Would you please set down, word for word, the lines from the one with "Siyah deri kadın" through the final line of the data below, omitting any pictures?

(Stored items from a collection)
============================================================

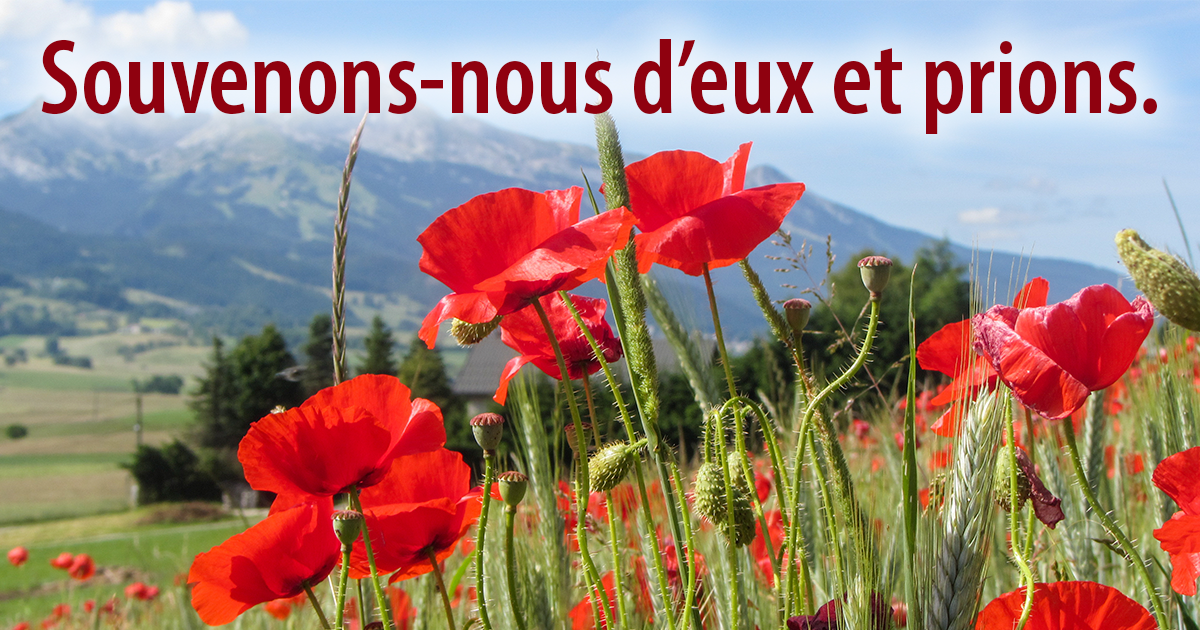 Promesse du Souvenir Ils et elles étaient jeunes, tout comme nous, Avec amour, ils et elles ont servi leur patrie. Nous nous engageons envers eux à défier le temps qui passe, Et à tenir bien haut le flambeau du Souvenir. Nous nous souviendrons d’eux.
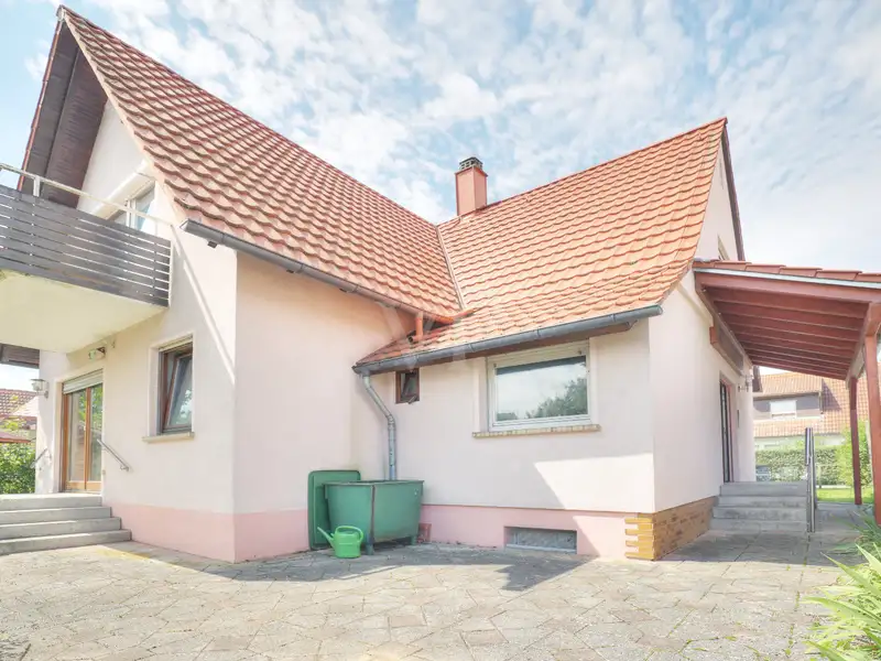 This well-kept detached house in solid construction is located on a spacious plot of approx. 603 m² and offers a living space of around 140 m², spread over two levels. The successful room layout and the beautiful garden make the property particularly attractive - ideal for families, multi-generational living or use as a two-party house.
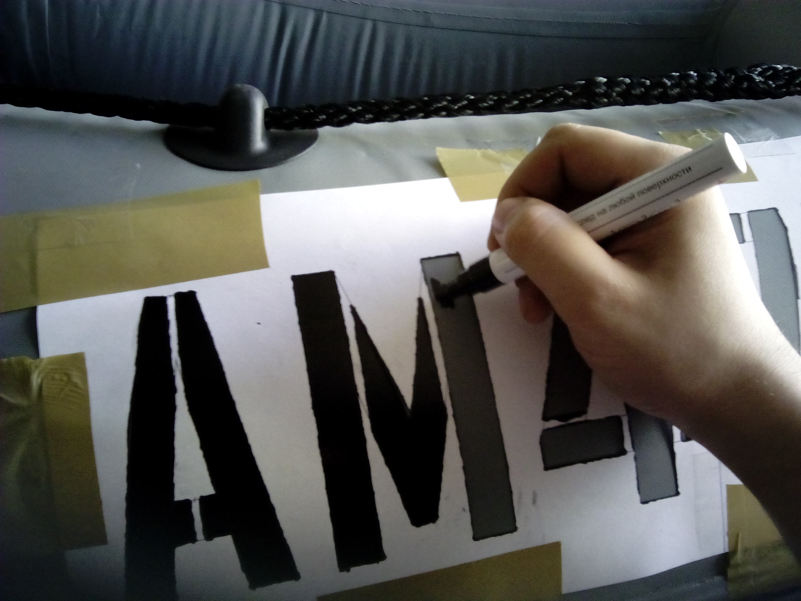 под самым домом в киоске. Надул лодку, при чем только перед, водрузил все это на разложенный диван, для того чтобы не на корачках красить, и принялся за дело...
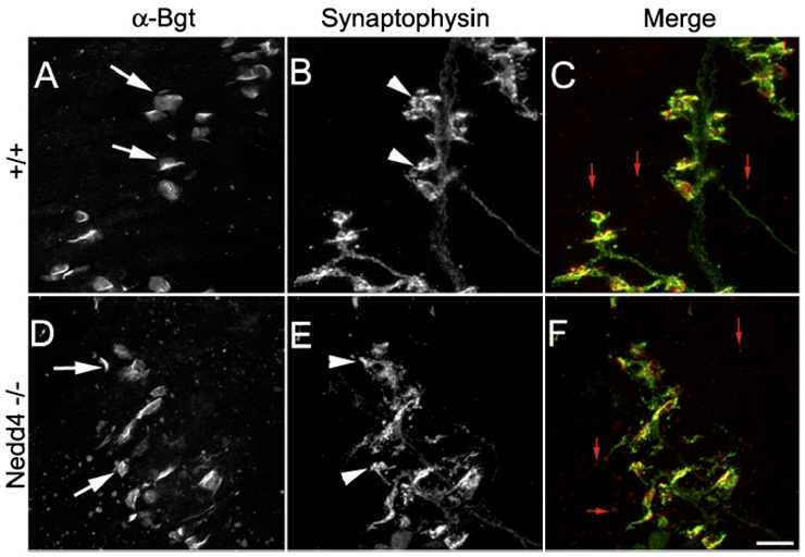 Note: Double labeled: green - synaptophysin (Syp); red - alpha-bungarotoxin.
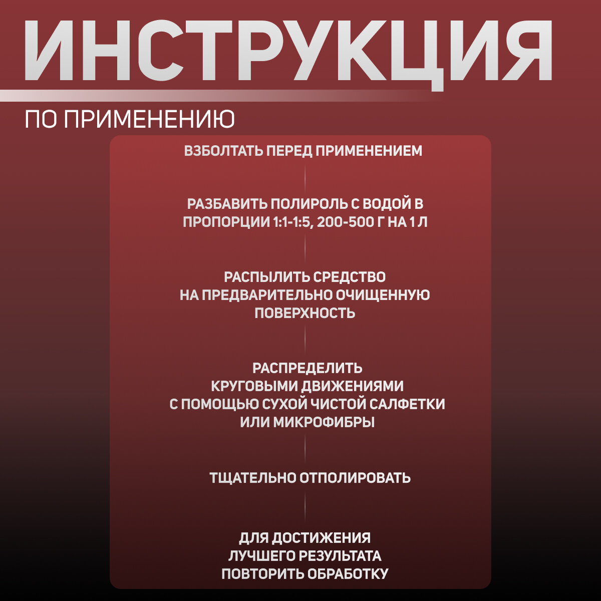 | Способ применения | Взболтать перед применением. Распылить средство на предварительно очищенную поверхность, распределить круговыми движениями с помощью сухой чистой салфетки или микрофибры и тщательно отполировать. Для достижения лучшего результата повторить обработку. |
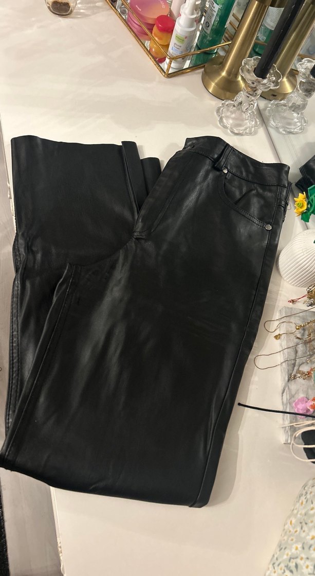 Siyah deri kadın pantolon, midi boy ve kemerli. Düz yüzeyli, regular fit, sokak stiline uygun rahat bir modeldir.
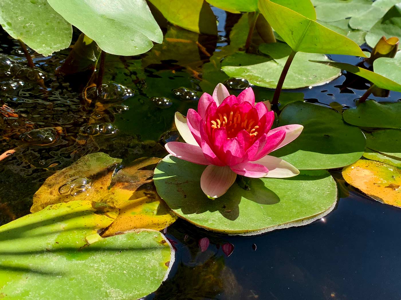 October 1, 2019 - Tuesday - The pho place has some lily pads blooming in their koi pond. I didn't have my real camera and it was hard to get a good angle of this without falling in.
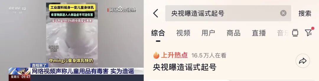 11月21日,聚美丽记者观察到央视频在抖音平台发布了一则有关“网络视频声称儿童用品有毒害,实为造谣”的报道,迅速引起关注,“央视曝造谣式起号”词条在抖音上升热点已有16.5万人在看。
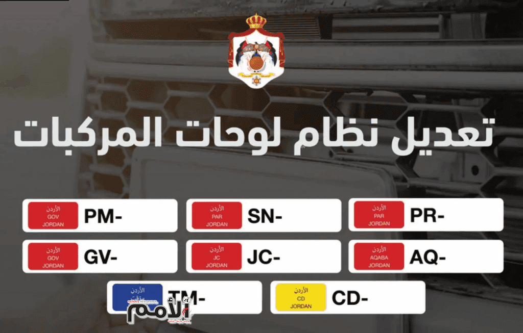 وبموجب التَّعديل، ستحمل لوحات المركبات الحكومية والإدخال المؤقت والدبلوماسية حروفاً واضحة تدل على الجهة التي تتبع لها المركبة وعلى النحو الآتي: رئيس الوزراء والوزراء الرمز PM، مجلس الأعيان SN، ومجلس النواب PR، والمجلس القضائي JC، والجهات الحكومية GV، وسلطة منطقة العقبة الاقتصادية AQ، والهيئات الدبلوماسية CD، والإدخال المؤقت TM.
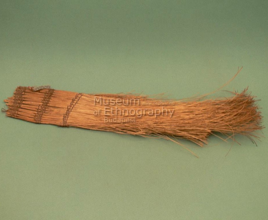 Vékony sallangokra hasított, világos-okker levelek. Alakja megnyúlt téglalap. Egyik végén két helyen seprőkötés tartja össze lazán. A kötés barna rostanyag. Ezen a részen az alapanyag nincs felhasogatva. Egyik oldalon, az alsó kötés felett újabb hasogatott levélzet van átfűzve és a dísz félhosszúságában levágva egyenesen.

============================================================

SOLVED EXERCISE:
 Siyah deri kadın pantolon, midi boy ve kemerli. Düz yüzeyli, regular fit, sokak stiline uygun rahat bir modeldir.
 October 1, 2019 - Tuesday - The pho place has some lily pads blooming in their koi pond. I didn't have my real camera and it was hard to get a good angle of this without falling in.
 11月21日,聚美丽记者观察到央视频在抖音平台发布了一则有关“网络视频声称儿童用品有毒害,实为造谣”的报道,迅速引起关注,“央视曝造谣式起号”词条在抖音上升热点已有16.5万人在看。
 وبموجب التَّعديل، ستحمل لوحات المركبات الحكومية والإدخال المؤقت والدبلوماسية حروفاً واضحة تدل على الجهة التي تتبع لها المركبة وعلى النحو الآتي: رئيس الوزراء والوزراء الرمز PM، مجلس الأعيان SN، ومجلس النواب PR، والمجلس القضائي JC، والجهات الحكومية GV، وسلطة منطقة العقبة الاقتصادية AQ، والهيئات الدبلوماسية CD، والإدخال المؤقت TM.
 Vékony sallangokra hasított, világos-okker levelek. Alakja megnyúlt téglalap. Egyik végén két helyen seprőkötés tartja össze lazán. A kötés barna rostanyag. Ezen a részen az alapanyag nincs felhasogatva. Egyik oldalon, az alsó kötés felett újabb hasogatott levélzet van átfűzve és a dísz félhosszúságában levágva egyenesen.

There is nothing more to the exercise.